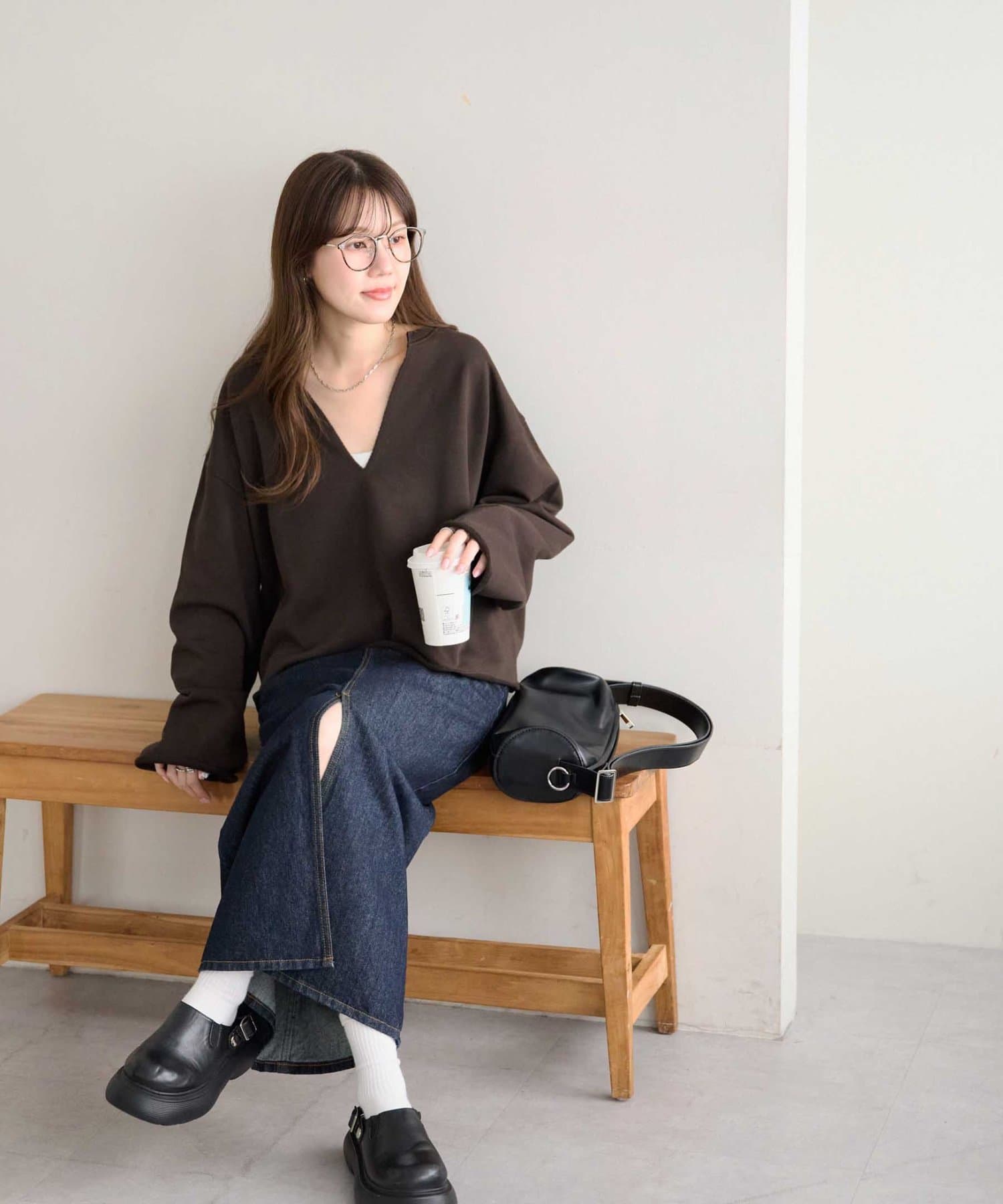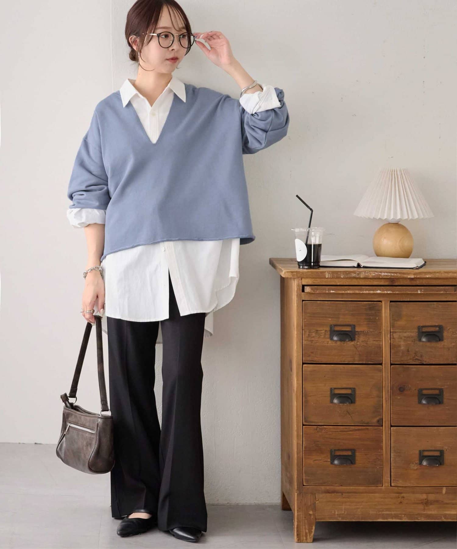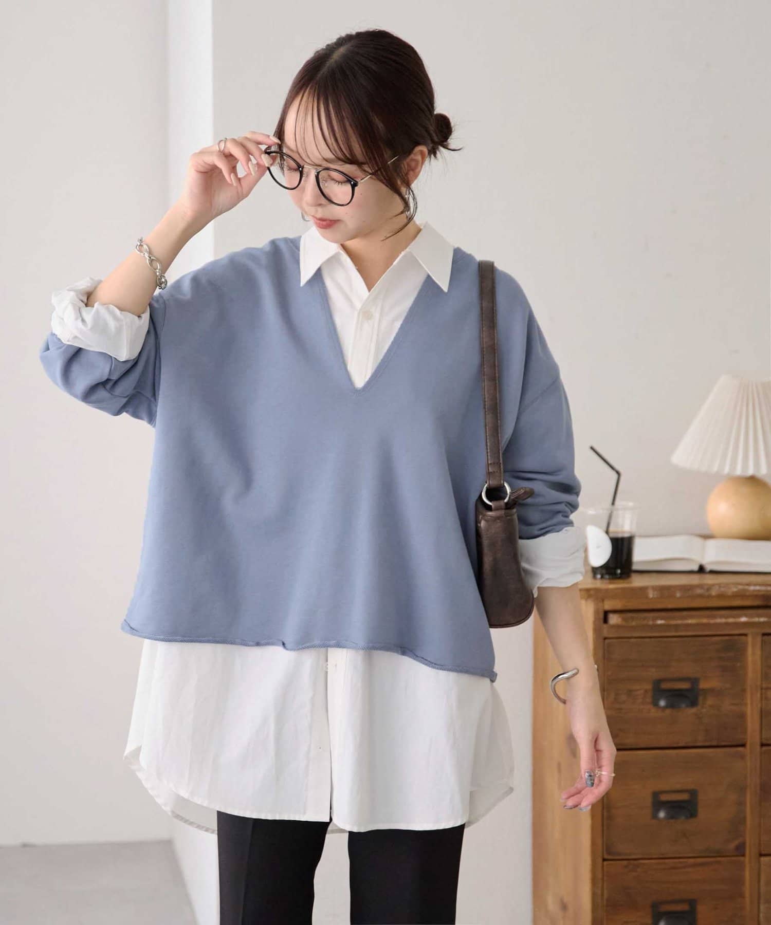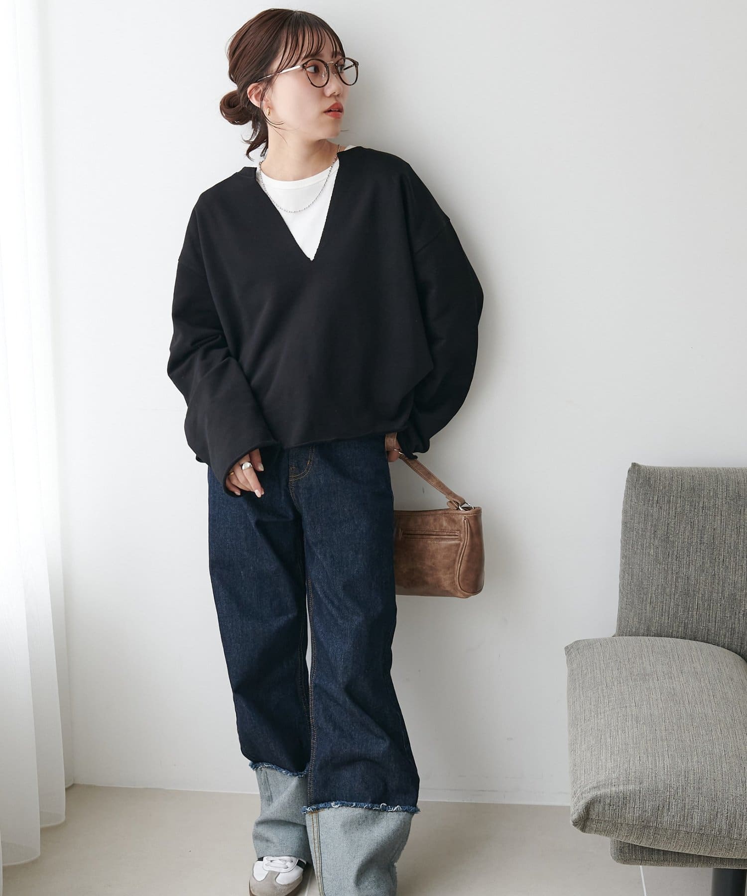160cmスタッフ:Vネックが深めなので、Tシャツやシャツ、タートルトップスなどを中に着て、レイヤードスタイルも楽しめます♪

+ + + + +

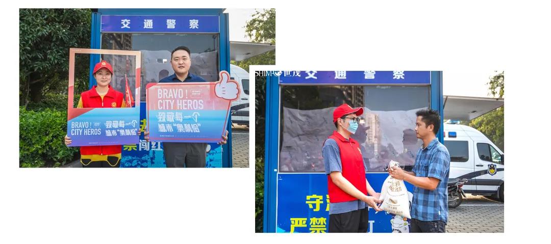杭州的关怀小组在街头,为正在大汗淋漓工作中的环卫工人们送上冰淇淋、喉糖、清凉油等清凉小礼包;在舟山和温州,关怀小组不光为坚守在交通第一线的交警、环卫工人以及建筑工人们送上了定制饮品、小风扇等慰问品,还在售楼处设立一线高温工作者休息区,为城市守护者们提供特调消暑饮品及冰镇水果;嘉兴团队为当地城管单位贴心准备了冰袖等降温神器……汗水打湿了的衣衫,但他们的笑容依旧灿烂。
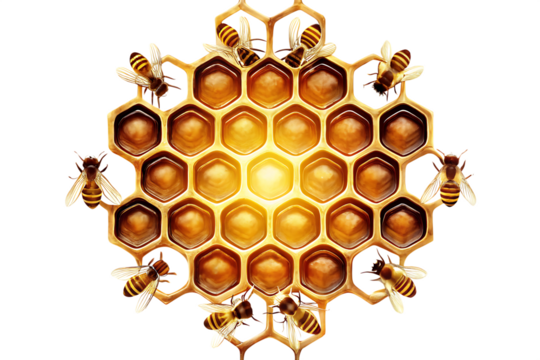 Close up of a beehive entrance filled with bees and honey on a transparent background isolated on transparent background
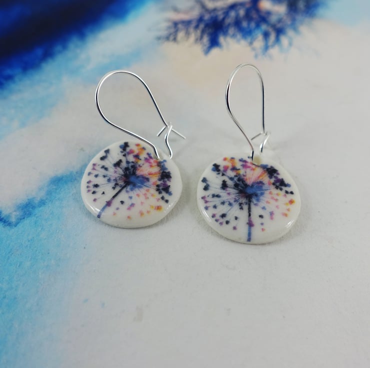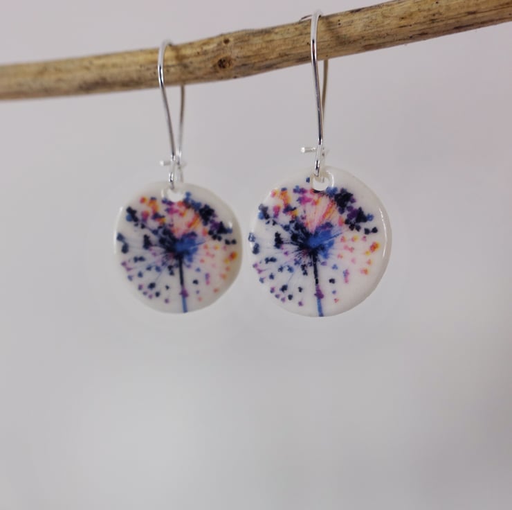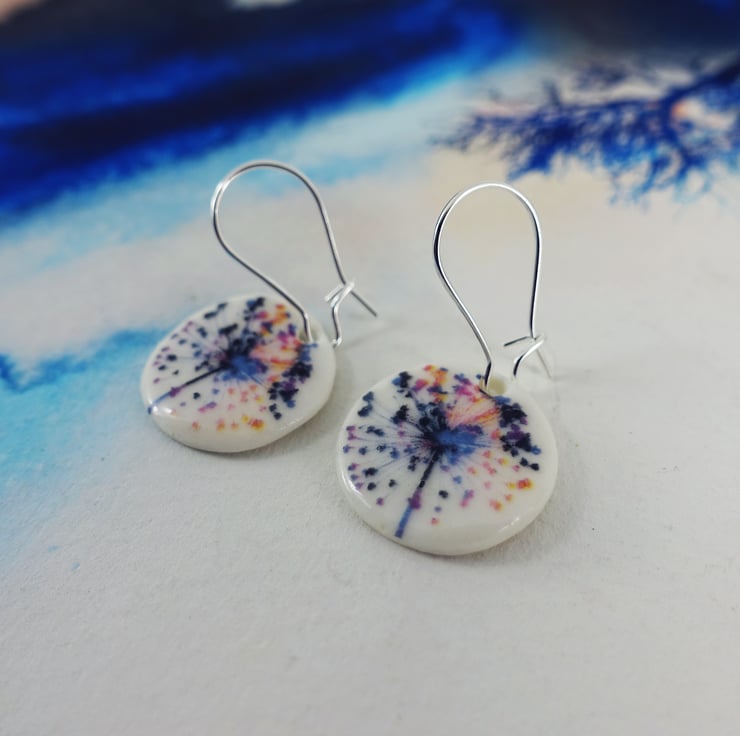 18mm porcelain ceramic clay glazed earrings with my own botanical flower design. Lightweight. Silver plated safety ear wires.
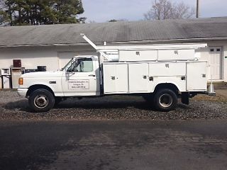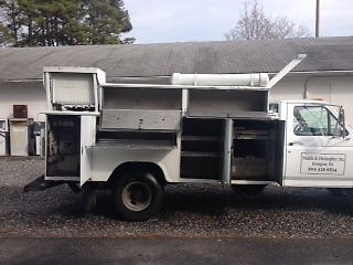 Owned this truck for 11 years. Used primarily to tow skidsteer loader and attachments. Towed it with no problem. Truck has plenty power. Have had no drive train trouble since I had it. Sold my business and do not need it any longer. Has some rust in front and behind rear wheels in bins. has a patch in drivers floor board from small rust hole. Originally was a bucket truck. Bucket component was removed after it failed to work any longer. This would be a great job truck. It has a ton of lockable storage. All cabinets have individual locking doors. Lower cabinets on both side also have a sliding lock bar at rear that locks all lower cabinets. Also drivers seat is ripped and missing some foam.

+ + + + +

Return the material from the line containing "Close up of" through the line containing "Owned this truck", exactly and in full, but without its pictures.

_Expected answer_:
 Close up of a beehive entrance filled with bees and honey on a transparent background isolated on transparent background
 18mm porcelain ceramic clay glazed earrings with my own botanical flower design. Lightweight. Silver plated safety ear wires.
 Owned this truck for 11 years. Used primarily to tow skidsteer loader and attachments. Towed it with no problem. Truck has plenty power. Have had no drive train trouble since I had it. Sold my business and do not need it any longer. Has some rust in front and behind rear wheels in bins. has a patch in drivers floor board from small rust hole. Originally was a bucket truck. Bucket component was removed after it failed to work any longer. This would be a great job truck. It has a ton of lockable storage. All cabinets have individual locking doors. Lower cabinets on both side also have a sliding lock bar at rear that locks all lower cabinets. Also drivers seat is ripped and missing some foam.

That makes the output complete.